## Task directions
Copy every line of the data below exactly as given, except for the pictures.

## Data extracts
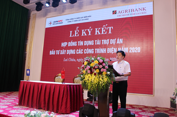 Phát biểu tại buổi lễ, ông Bùi Xuân Thành, Giám đốc Công ty Điện lực Lai Châu nhấn mạnh, việc ký kết hợp đồng tín dụng tài trợ dự án đầu tư xây dựng các công trình điện năm 2020 giữa Công ty Điện lực Lai Châu và Agribank – chi nhánh Lai Châu có ý nghĩa quan trọng góp phần đảm bảo cho các dự án thực hiện đúng tiến độ, giảm tổn thất điện năng, nâng cao độ tin cậy cung cấp điện, đảm bảo cung cấp điện chất lượng và dịch vụ tốt nhất cho các khách hàng, thúc đẩy sự phát triển kinh tế của địa phương. Công ty Điện lực Lai Châu cam kết đảm bảo mục đích vay vốn đúng pháp luật, đúng thẩm quyền, phù hợp với năng lực của đơn vị và đảm bảo thanh toán cho ngân hàng các khoản nợ đến hạn đúng theo hợp đồng.
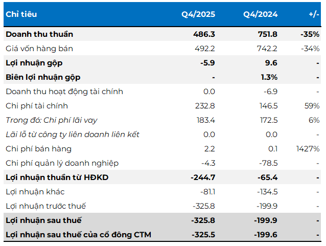 Lũy kế cả năm 2025, Công ty ghi nhận doanh thu thuần 2.1 ngàn tỷ đồng, giảm 6% so với năm trước. Trong khi đó, lỗ ròng lên gần 840 tỷ đồng, đánh dấu 4 năm lỗ nặng liên tiếp.
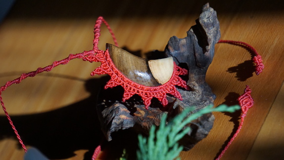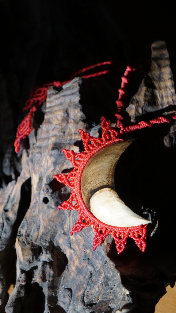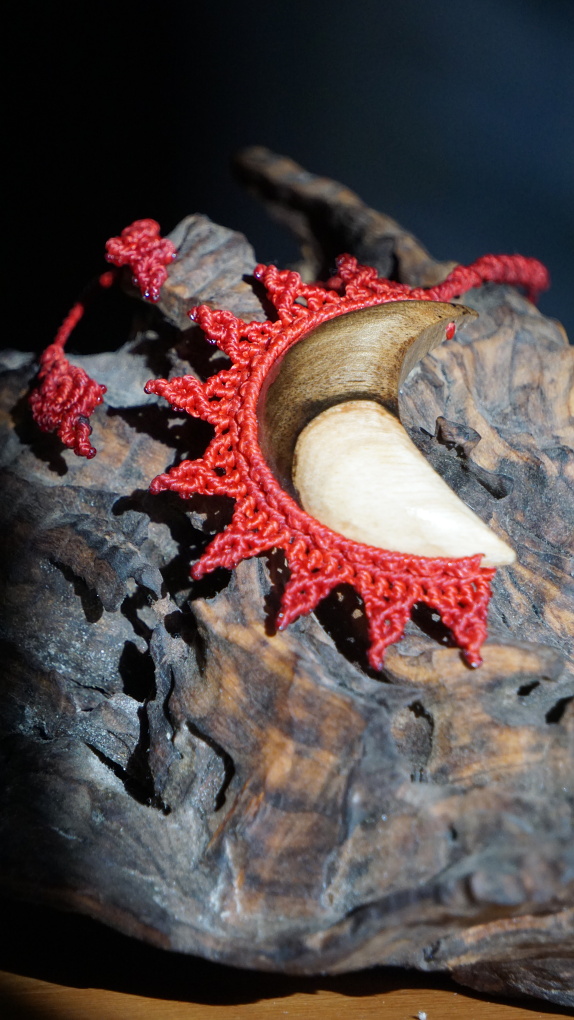 Šperk vznikl technikou micro macramé, což je uzlíkování pouze za pomoci šikovných prstů a fantasie. Používám brazilské povoskované šňůrky, které jsou jedny z nejkvalitnějších na světě pro svou pevnost a stálobarevnost. Šňůrky je možné ručně vyprat ve vlažné mýdlové lázni, vysušit v ručníku a nechat volně uschnout.
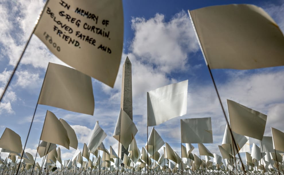 在華盛頓特區(Washington DC),象徵著COVID-19逝者的 60萬面白色旗幟,被陳列在國家廣場(National Mall)中,以表達對他們的感念與愛。畫面左上方的旗幟寫著「紀念葛瑞格·柯坦(Greg Curtain),親愛的父親與朋友」。
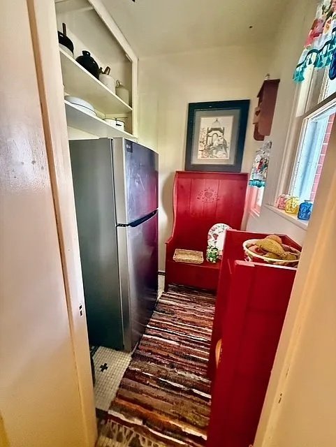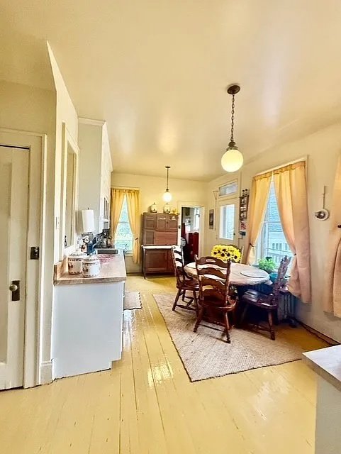 The kitchen serves as a thoughtful blend of the old and the new. Updated with warm butcher block countertops, it retains a timeless, welcoming atmosphere while offering a comfortable space for daily use. The layout lends itself beautifully to further personalization, allowing the next occupants to celebrate the home’s history while incorporating contemporary comforts.

## Answer below
 Phát biểu tại buổi lễ, ông Bùi Xuân Thành, Giám đốc Công ty Điện lực Lai Châu nhấn mạnh, việc ký kết hợp đồng tín dụng tài trợ dự án đầu tư xây dựng các công trình điện năm 2020 giữa Công ty Điện lực Lai Châu và Agribank – chi nhánh Lai Châu có ý nghĩa quan trọng góp phần đảm bảo cho các dự án thực hiện đúng tiến độ, giảm tổn thất điện năng, nâng cao độ tin cậy cung cấp điện, đảm bảo cung cấp điện chất lượng và dịch vụ tốt nhất cho các khách hàng, thúc đẩy sự phát triển kinh tế của địa phương. Công ty Điện lực Lai Châu cam kết đảm bảo mục đích vay vốn đúng pháp luật, đúng thẩm quyền, phù hợp với năng lực của đơn vị và đảm bảo thanh toán cho ngân hàng các khoản nợ đến hạn đúng theo hợp đồng.
 Lũy kế cả năm 2025, Công ty ghi nhận doanh thu thuần 2.1 ngàn tỷ đồng, giảm 6% so với năm trước. Trong khi đó, lỗ ròng lên gần 840 tỷ đồng, đánh dấu 4 năm lỗ nặng liên tiếp.
 Šperk vznikl technikou micro macramé, což je uzlíkování pouze za pomoci šikovných prstů a fantasie. Používám brazilské povoskované šňůrky, které jsou jedny z nejkvalitnějších na světě pro svou pevnost a stálobarevnost. Šňůrky je možné ručně vyprat ve vlažné mýdlové lázni, vysušit v ručníku a nechat volně uschnout.
 在華盛頓特區(Washington DC),象徵著COVID-19逝者的 60萬面白色旗幟,被陳列在國家廣場(National Mall)中,以表達對他們的感念與愛。畫面左上方的旗幟寫著「紀念葛瑞格·柯坦(Greg Curtain),親愛的父親與朋友」。
 The kitchen serves as a thoughtful blend of the old and the new. Updated with warm butcher block countertops, it retains a timeless, welcoming atmosphere while offering a comfortable space for daily use. The layout lends itself beautifully to further personalization, allowing the next occupants to celebrate the home’s history while incorporating contemporary comforts.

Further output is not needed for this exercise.